To determine the base side length of the triangular pyramid, we'll first use the relationship between mass, density, and volume to find the volume of the pyramid. The formula that relates these variables is:
\[ \text{Volume} = \frac{\text{Mass}}{\text{Density}} \]
Given:
- Mass \(m = 400 , \text{grams}\)
- Density \(\rho = 16 , \text{g/cm}^3\)
Let's calculate the volume of the pyramid:
\[ \text{Volume} = \frac{400 , \text{grams}}{16 , \text{g/cm}^3} = 25 , \text{cm}^3 \]

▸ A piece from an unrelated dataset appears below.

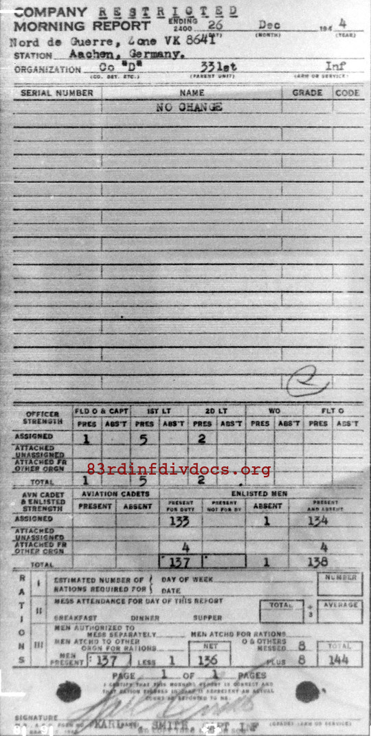 Morning report D/331 for December 26, 1944

Next, we know the formula for the volume \(V\) of a triangular pyramid (also known as a tetrahedron) is given by:
\[ V = \frac{1}{3} \times B \times h \]
Where:
- \(B\) is the area of the base,
- \(h\) is the height of the pyramid.
Given that the height \(h\) is 5 cm, we rearrange the equation to solve for the base area \(B\):
\[ B = \frac{3V}{h} \]
Substituting in the known values:
\[ B = \frac{3 \times 25 , \text{cm}^3}{5 , \text{cm}} = \frac{75 , \text{cm}^3}{5 , \text{cm}} = 15 , \text{cm}^2 \]
Now, since the base of the pyramid is an equilateral triangle, the area \(B\) of an equilateral triangle with side length \(s\) is given by the formula:
\[ B = \frac{\sqrt{3}}{4} s^2 \]
Setting this equal to the base area we found:
\[ \frac{\sqrt{3}}{4} s^2 = 15 \]
To solve for \(s^2\), we multiply both sides by 4:
\[ \sqrt{3} s^2 = 60 \]
Then we divide by \(\sqrt{3}\):
\[ s^2 = \frac{60}{\sqrt{3}} = 20\sqrt{3} \]

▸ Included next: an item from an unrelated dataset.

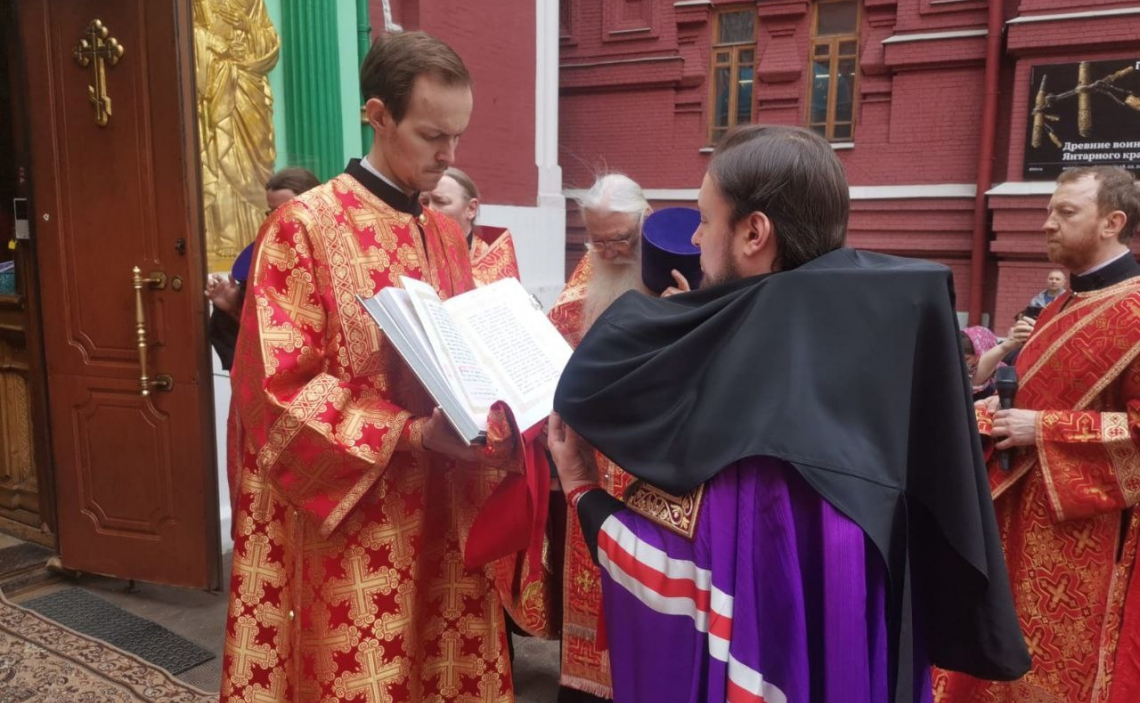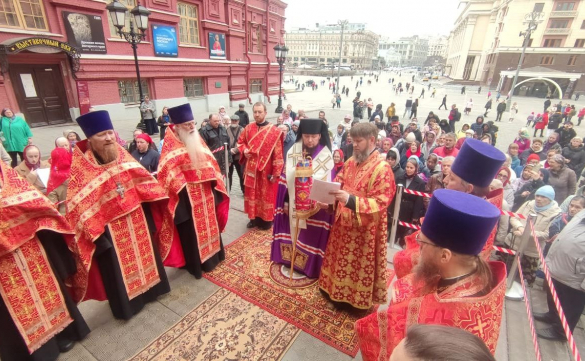 В праздник в честь Иверской иконы Пресвятой Богородицы епископ Истринский Серафим возглавил молебен в часовне Иверской иконы Божией Матери у Воскресенских ворот на Красной площади

Finally, we take the square root to find \(s\):
\[ s = \sqrt{20\sqrt{3}} = \sqrt{20} \cdot \sqrt[4]{3} = 2\sqrt{5} \cdot \sqrt[4]{3} \]
Thus, the side length \(s\) of the equilateral triangle base of the pyramid can be computed, but as it is complex and involves irrational numbers.
In summary, the side length \(s\) of the equilateral triangle base can be approximated or kept in this form for final calculation if precision is needed.